Because Vault projects are content-addressable filesystems, much in the same way git is, moving data between repositories is relatively easy. Just copy the files that don’t exist into place.

One big question mark is reconciling data. Because it’s important to minimize the amount of user interaction as someone works out of a Vault, certain conventions must be followed when it comes to merging data sets. I think, though, that it’s possible to design the application in such where all automatic actions are merely additive. Destructive actions must be explicitly triggered by an end-user, e.g. remove certain versions from the history.

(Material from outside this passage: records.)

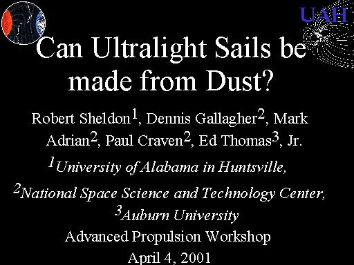 This work at UAH is begun in conjunction with the NSSTC and Auburn University.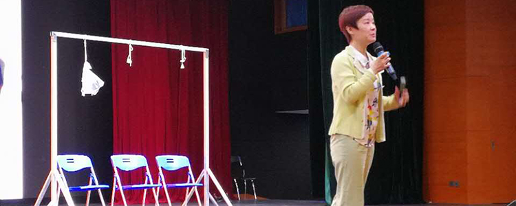 第一个实验,主持人请同学上台,体验吸入不同的气体之后声音的变化,吸入了氦气的同学,声音明显变尖变细,吸入了六氟化硫的同学,声音则明显变粗变低了。科学老师解释说明因为气体的密度不同,在吸入人的肺与口腔之后,会明显放大高频或低频共振的声音,使声音显得不同。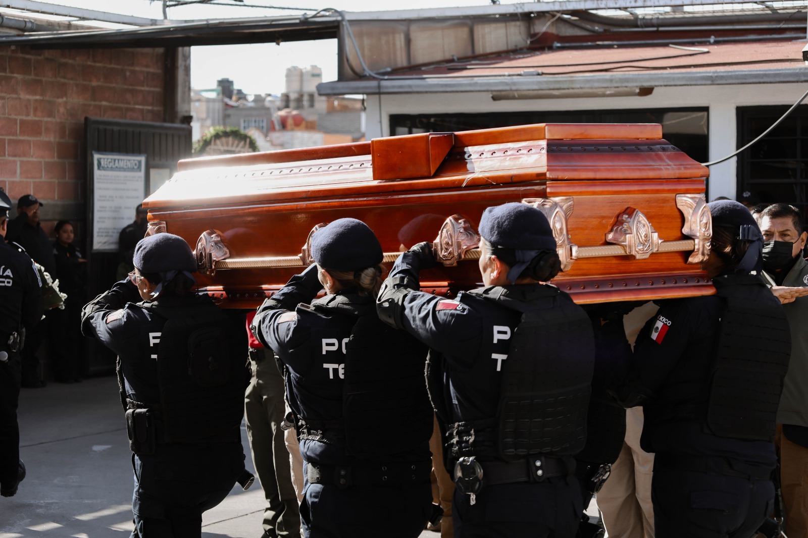 Texcoco, Edomex. 23 de febrero, 2023.- En las instalaciones del Centro de Comando, Control, Comunicación y Cómputo (C 4), fueron despedidos los elementos Valeria Katia González Bravo y Víctor Martínez Martínez, en donde los policías municipales y autoridades rindieron un homenaje póstumo a los elementos que fallecieron al estar desempeñando su labor se auxilió a la población.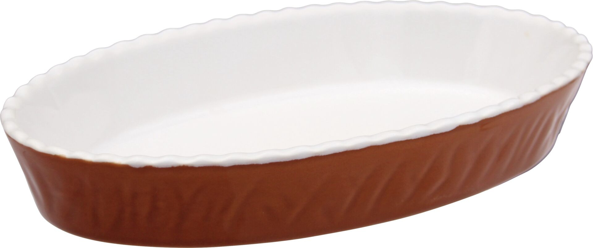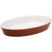 Porzellan, außen ofenbraune Glasur, innen weiß, oval. Feuerfest bis 220°C.

Working on the same file simultaneously on two different clients

One of the big requirements is the ability to work on the same file by two different clients. To accomplish this, we turn to git’s branching model. By tracking the HEAD of each different client, we will wind up with multiple leaf nodes on divergent branches in our working graph. Thus, we never disallow a push because, but instead ingest all data.

Later, we can splice those divergent branches into one. This would be akin to a rebase in git. No data is destroyed, but instead just coalesced into one working timeline or branch.

Different pieces

Given what I’ve laid out here and borrowing heavily from the git community, a few tools are obvious to the core functionality of Vault. They are:

# Make an existing folder into a Vault project
vault init

# Verify the validity of the project
vault verify

# Replace blob with remoteblob
vault remoteify [Blob SHA]

# Replace blob and its ancestry with a compositeblob
vault split [Blob SHA]

# Add a preview file for a given blob
vault preview add [File path] [Metadata]

# Add meta information about a given blob
vault meta add [Blob SHA] [Metadata]

# Add a file to the repo
vault file add [File path]

# Add a tree to the repo
vault tree add [Tree data]

# Push changes to all remotes
vault push

# Pull changes from all remotes
vault pull

# Push changes to a specific remote
vault push [Remote]

# Broadcast files available to those on the local network
vault broadcast

# Non-destructively splice divergent branches into one.
vault splice

# Destructively squash down commits down based on total
# file size of each change or some other metric.
vault squash

# Main entry point for most applications for syncing
# files to remotes. It will call out to the other tools
vault --watch

Conclusion

So that about wraps up this exploratory blog post. Hopefully this effectively encapsulated some of the stumbling blocks we hit at LayerVault and laid out a way forward.

This new solution, nicknamed Vault, is defensible against many of the issues we saw while building LayerVault and adopts many of the great ideas pioneered by git. It is fundamentally different than existing storage and sync services, and represents a potentially powerful new application.

I likely don’t have enough time to work on this at the moment. Let me know if you’re interested in this project. We might get something started.